Our ​pending variable stores the number of slices remaining to be run, hence when it is
scheduled later, it gets the slices it missed out because of blocking, and compensates for
the lost cpu-time.
Runtime Complexity

O(1) (amortized), as the default xv6 scheduler is of the same complexity. We just update
required variables at the right locations.

Implementation of the scheduler

setprio(prio) and getprio( )

We implement these as standard syscalls which update or read from struct proc. We use
ptable.lock inside these functions to preserve critical data structures.

On timer interrupt

The process tries to schedule via the yield() function. If there are slices pending to be run,
then do not switch to the scheduler and give the next slice to same process. Here we try
to reduce the overhead of going to the scheduler again. If the pending variable goes to 0,
then all the slices for the current round have been run and the process can now call the
scheduler. We also switch to the scheduler if the process has too many pending slices to
be run. This ensures that other processes do not starve.

On blocking calls

Our ​pending variable might not have reached 0 and hence will store the slices yet to be
run. The scheduler switches in a new process. In the interim, for all the further rounds, if
the process is sleeping we add the number of slices it deserved in the current round to
the pending variable so that when the process unblocks it can claim its share. Note a
subtle point here, when there is no process that can be scheduled in current round, there
is no point in incrementing pending for all the processes. This ensures that the pending
slices do not increase too much. Hence, if no process can be scheduled in the current
round, we do not increment pending variable of the processes.

Initialization

We set the prio to be 1 and pending to be 0 for the userinit process. Also, in fork, we set
the priority of the child to same as that of the parent with it’s pending equal to 0.

2
Corner cases

What is the default priority of a process before its priority is set?

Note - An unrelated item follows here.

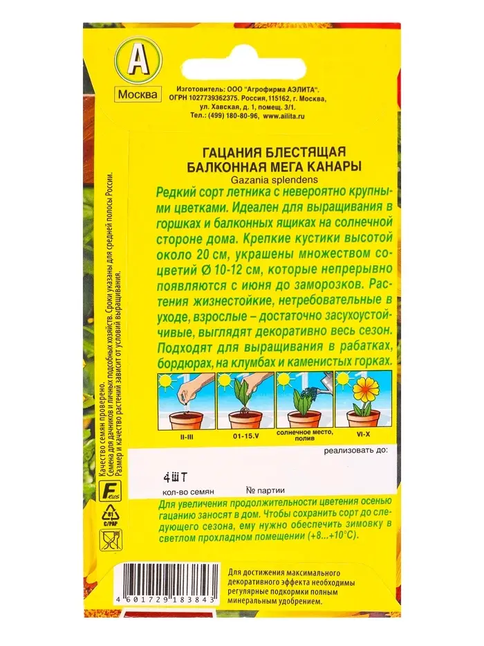 Семена цветов Гацания Балконная мега канары Цветущий балкон, Ц/П,4 шт.

- We have set default priority as 1

What will happen when a process you want to schedule blocks before its quantum
finishes?

- The pending slices is kept track and given to it when it unblocks (pending variable)

Is it safe when run over multiple CPU cores?

- Most importantly, the scheduler code assumes that there can be RUNNING
processes during scheduling. Also we acquire the lock at all updates to the proc
table.

We also prevent starvation by not letting a single process running for too long and yield()
letting the context switch after the 100th consecutive cycle.

Test-cases and observations

Instructions to run test-cases

Commands:
$​ ​make 
$ make CPUS=1 qemu  

In the QEMU emulator, run:

$ testmyscheduler  

Explanations

1) 2 CPU bound processes P1 with priority 1 and P2 with priority 2 with same amount
of work. We noticed the time taken from start to end for the two processes

3
(measured via uptime) is in the ratio 4:3. This is expected and can be calculated
theoretically. For priorities a and b (b > a), the ratio of times is 2 * b / (a + b).
Different from default xv6 due to priority scheduling.

2) 3 CPU bound processes with priorities 2, 4 and 8 with same amount of work. We
noticed the time taken from start to end for the three processes (measured via
uptime) is in the ratio 12:10:7. This also is expected and can be calculated
theoretically. ​Different from default xv6 due to priority scheduling.

3) 1 CPU bound and 1 partially IO bound with the same priority. In the original xv6
implementation, the CPU bound process would have finished much before the
partially IO bound process. However we ensure that the partially IO bound
process also gets its fair share of CPU time and hence observe that both process
end at almost the same time. ​Different from default xv6 due to priority scheduling.

We have designed IO processes using the sleep function as it behaves just like an IO
bound process which makes blocking system calls.

4) 2 IO bound processes with priorities 1 and 2. Both end at the same time and take
the same time to run. This is because priorities only change CPU time allocated to
different processes. Since the two processes are completely IO bound having a
greater CPU time will not affect the time taken by them to run. Hence priorities
have no affect to run. ​Consistency of implementation.